While these studies have begun to crack the code of what underlies the high rates of reoccurrence in UTIs, a number of important areas of future exploration remain. Intriguingly, Wu et al. report that preexisting memory CD4+ T cells are recruited to become TH2 effector cells following the patient’s first exposure to UPEC. They demonstrate that these memory T cells reside in the BLNs and that they quickly spring into action to aid in bladder epithelial repair within the first three days of infection. From their studies leveraging germ-free mice, they speculate that these memory CD4+ T cells were presumably first primed by the endogenous microbiota and then homed to the BLNs. In addition to the usual commensal microflora suspects in the gut, the possibility also exists that microbes found in the bladder are responsible for educating memory T cells. Indeed, recent studies have identified the presence of commensal microbes in the healthy human bladder11; however, whether this microbiota community contributes to bladder physiology or immunity requires further investigation. It is feasible that modulation of the bladder microbiome may offer a new avenue for treating recurrent UTIs. Improved strategies are greatly needed to treat UTIs, as the current standard of care — repeated antibiotics therapy — can cause kidney damage and can lead to the emergence of antibiotic-resistant bacteria.

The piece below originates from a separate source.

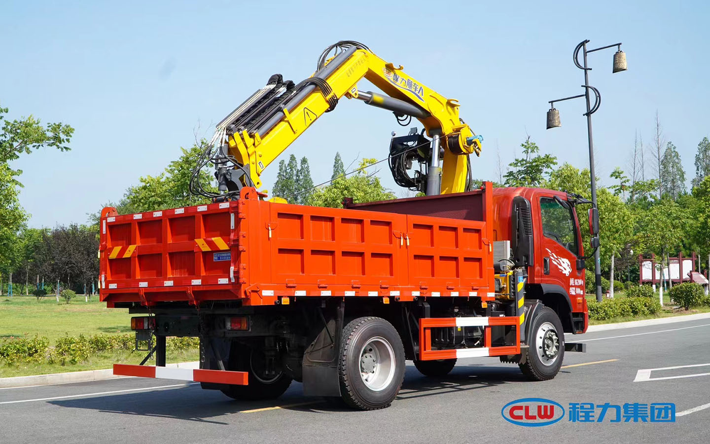 程力随车人5/6.3吨3节折臂随车抓,最大作业臂长8.2米,最大作业高度11.2米,搭载电控一控三操作阀,类挖机操作手柄,标配液压散热器,整个吊机及抓头均可360°无限旋转,抓头类型可以根据实际工况,选择3+2抓头或者4瓣抓头,抓举能力强,装车速度快。整机全部液压件采用纯进口或者国内一线品牌,故障率低售后服务好;可选装抓木机,反折随车抓(货厢尺寸增加300mm)

It is well recognized that recurrent UTIs are more common in females than in males. It has been presumed that differences in reproductive tract anatomy largely account for the marked sex bias seen with recurrent UTIs. However, this may warrant revisiting, given the findings presented by Wu et al. Sex differences also exist in TH1–TH2 skewing of CD4+ T cells, with greater TH1 responses observed in males and TH2-biased responses commonly seen in females12. In light of these new findings, it will be interesting to ascertain whether differences in TH1–TH2 skewing between the sexes contribute to the sexually dimorphic nature of UTIs.

The authors’ findings also possess important translational implications. A notable discovery made during this work was that CD301b+ DCs and their expression of OX40L orchestrate the induction of TH2 responses. The overwhelming majority of bacterial infections are known to incite TH1-dominated responses. As a result, very little is currently known about the regulation of TH2 immunity during bacterial infection. On the basis of Wu and colleagues’ work, targeting CD301b+ DCs and OX40L may offer new approaches to limit immune-mediated collateral damage and promote tissue healing in a wide range of disease conditions.